Pasolini begins

Pasolini begins June 18, 2005

Until last night, the only film directed by Pier Paolo Pasolini that I had ever seen was The Gospel According to St. Matthew (1964), though I had also seen Federico Fellini’s Nights of Cabiria (1957; my comments), to which Pasolini contributed some dialogue. Obviously, since I have made a point of seeing the non-Jesus films made by other directors who have made Jesus films, my lack of exposure to Pasolini’s other work is a problem.

So, last night, as part of the Pacific Cinematheque‘s Pier Paolo Pasolini retrospective, I caught the first two films he directed — Accattone (1961) and Mamma Roma (1962) — and I was pleasantly surprised to see that I really liked them. Like Cabiria, these films concern pimps and prostitutes trying to reform their lives, and there is a definite sympathy for the characters and a lyricism to the films that makes them quite engaging.

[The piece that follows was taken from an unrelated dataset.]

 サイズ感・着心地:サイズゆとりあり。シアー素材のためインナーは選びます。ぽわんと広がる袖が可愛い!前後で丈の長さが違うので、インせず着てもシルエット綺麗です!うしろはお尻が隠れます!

Accattone stars Franco Citti — a Pasolini regular, he was also in two Godfather films as Al Pacino’s Sicilian bodyguard — as a pimp who has never worked a day in his life and who compels his main squeeze to keep working the streets even after her broken leg is put in a cast. When one of her tricks goes bad, and she is sent to prison for perjury, Citti falls in love with another woman and tries to change his ways, with mixed results.

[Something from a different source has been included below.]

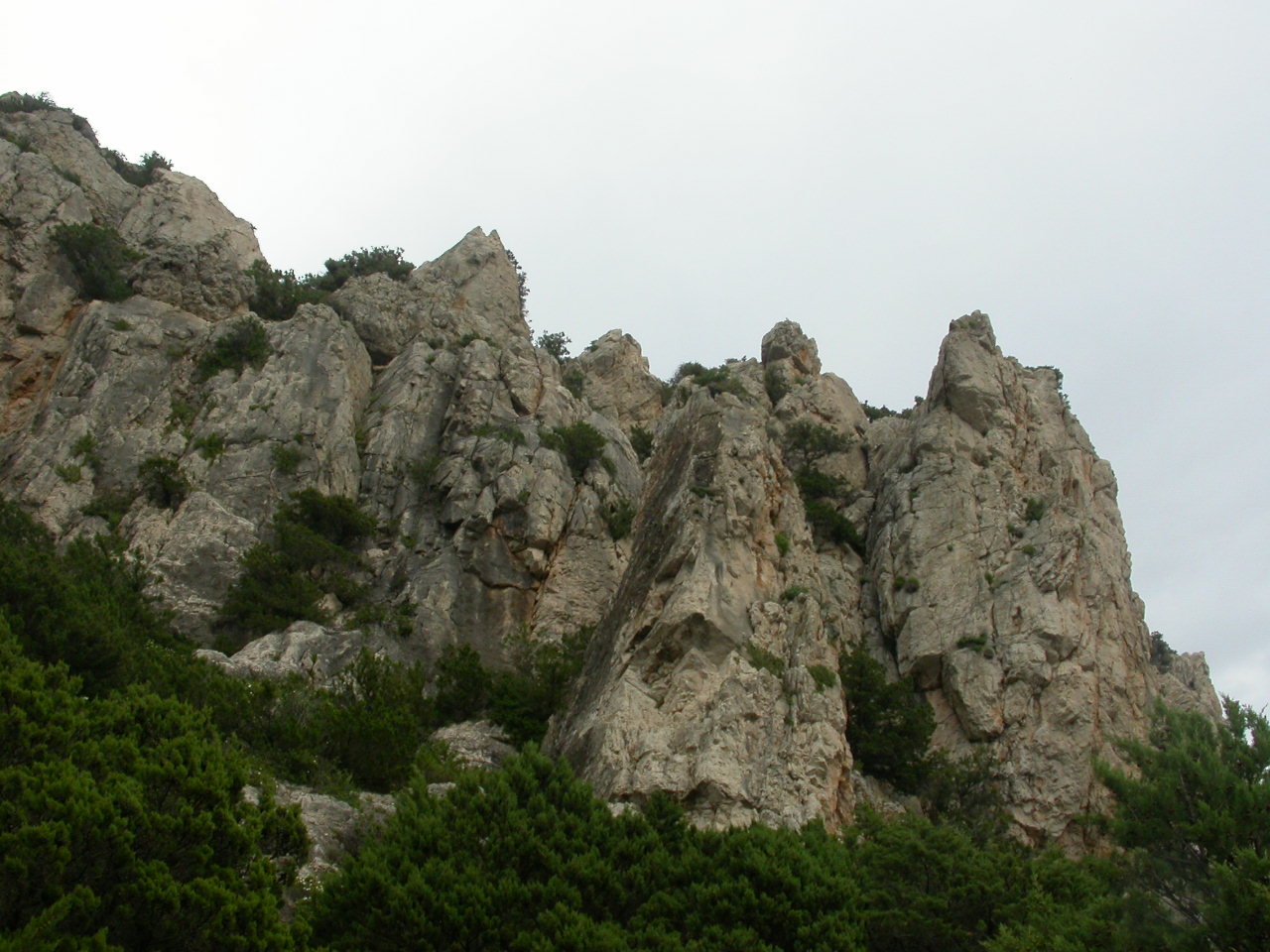L’isola nella sua imponenza: le falesie calcaree sono impressionanti e senza attrezzatura si può superare solo la prima falesia:

Pasolini has been called a “neorealist”, which evokes comparisons to such countrymen of his as Roberto Rossellini and Vittorio De Sica, but his poetic sensibility points beyond the movement’s straightforward depiction of lower-class life to something a little more ethereal; among other things, the film closes with a dream sequence, which raises the interesting question of whether a dream can ever be portrayed in a “realist” fashion.

On a parallel note, Pasolini himself once admitted to an interviewer that, while he based his Jesus film on Matthew’s gospel because Matthew was more concerned than the others with the affairs of day-to-day life, he actually preferred the mysticism of John’s gospel; and that same mix of impulses, that rootedness in reality while looking for something higher, is evident in this film as well, particularly in scenes where he plays the music of Bach over images of people being beaten, etc.; his use of such music is ironic, but not sarcastic, if you know what I mean. In fact, I believe the Bach tune that begins Accattone is the exact same one he went on to use over the opening credits of Matthew, which casts the aesthetics of that film in a whole new light, for me.

Mamma Roma, meanwhile, is a dynamic tour-de-force for Anna Magnani, who plays a prostitute full of life, humour, pathos and boundless energy; she laughs so often, and so hard, that you get a better look at her tonsils without the aid of close-ups than you’ll ever see of anyone else’s. In the first scene, she brings three pigs to the wedding reception of her former pimp (Citti again), and the animals loiter between the tables as the reception progresses, eating the scraps that fall to the floor; this inevitably brought to mind a certain biblical passage. Then Mamma Roma, the groom and the bride begin mocking each other through a series of improvised songs. It’s all quite funny, really.

From there, the film concerns Mamma Roma’s efforts to get a real job and to renew her relationship with her 18-year-old son (Ettore Garofolo), who is interested in one of the local girls; in one scene, he offers this young woman a necklace of the Madonna and watches it rest in her cleavage as she puts it on. Mamma thinks her son could do better than this woman, though; meanwhile, her ex-pimp comes back into her life and makes a few demands that get in the way of her own plans. I’m not entirely sure what I make of the film’s climax, yet, but I love the way Pasolini and cinematographer Tonino Delli Colli capture life on the outskirts of Rome — full of empty roads, tall grass, developing buildings and desolate ruins — and I wouldn’t mind seeing it again.